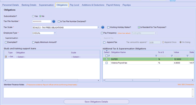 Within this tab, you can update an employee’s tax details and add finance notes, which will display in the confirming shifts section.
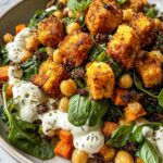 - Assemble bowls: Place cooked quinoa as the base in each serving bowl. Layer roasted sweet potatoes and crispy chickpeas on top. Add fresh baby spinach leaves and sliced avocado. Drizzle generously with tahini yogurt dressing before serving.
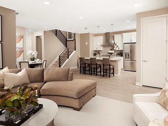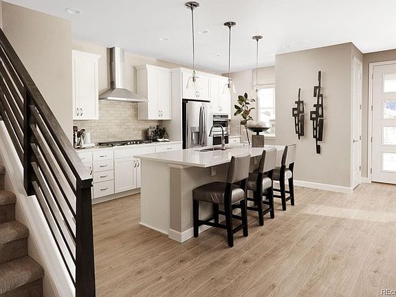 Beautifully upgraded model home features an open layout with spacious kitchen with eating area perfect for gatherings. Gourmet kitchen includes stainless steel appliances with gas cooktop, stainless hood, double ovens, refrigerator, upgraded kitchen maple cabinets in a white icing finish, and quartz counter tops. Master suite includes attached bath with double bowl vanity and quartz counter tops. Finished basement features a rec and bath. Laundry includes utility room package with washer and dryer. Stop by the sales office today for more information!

---

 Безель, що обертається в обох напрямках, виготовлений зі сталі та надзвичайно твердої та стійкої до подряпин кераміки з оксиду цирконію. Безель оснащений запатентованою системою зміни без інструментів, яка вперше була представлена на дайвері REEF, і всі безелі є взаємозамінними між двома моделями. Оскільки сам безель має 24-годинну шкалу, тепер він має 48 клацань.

==

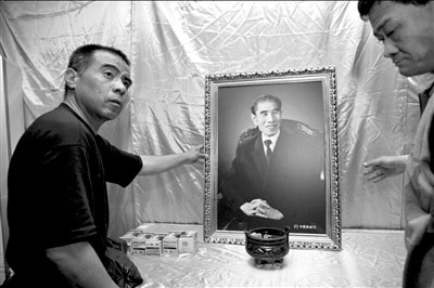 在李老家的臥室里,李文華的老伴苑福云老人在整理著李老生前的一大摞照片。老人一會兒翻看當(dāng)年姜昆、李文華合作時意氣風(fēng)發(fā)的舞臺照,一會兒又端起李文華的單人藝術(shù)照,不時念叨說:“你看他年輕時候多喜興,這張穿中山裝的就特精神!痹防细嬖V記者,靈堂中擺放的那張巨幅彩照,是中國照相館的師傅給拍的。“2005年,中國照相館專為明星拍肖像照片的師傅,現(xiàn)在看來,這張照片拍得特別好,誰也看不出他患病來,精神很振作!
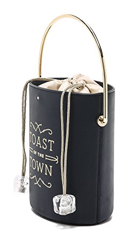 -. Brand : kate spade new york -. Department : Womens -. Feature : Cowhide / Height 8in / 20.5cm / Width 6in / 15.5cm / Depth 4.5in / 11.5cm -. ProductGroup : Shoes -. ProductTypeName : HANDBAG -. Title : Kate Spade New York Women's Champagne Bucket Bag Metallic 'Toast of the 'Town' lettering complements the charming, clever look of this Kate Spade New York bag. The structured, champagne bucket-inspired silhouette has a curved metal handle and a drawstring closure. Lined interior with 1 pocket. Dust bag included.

Required action
Reproduce the data above exactly, but only the lines from the one showing "- Assemble bowls: Place" through the one showing "Beautifully upgraded model", with both ends kept and the pictures left out.

Written response
 - Assemble bowls: Place cooked quinoa as the base in each serving bowl. Layer roasted sweet potatoes and crispy chickpeas on top. Add fresh baby spinach leaves and sliced avocado. Drizzle generously with tahini yogurt dressing before serving.
 Beautifully upgraded model home features an open layout with spacious kitchen with eating area perfect for gatherings. Gourmet kitchen includes stainless steel appliances with gas cooktop, stainless hood, double ovens, refrigerator, upgraded kitchen maple cabinets in a white icing finish, and quartz counter tops. Master suite includes attached bath with double bowl vanity and quartz counter tops. Finished basement features a rec and bath. Laundry includes utility room package with washer and dryer. Stop by the sales office today for more information!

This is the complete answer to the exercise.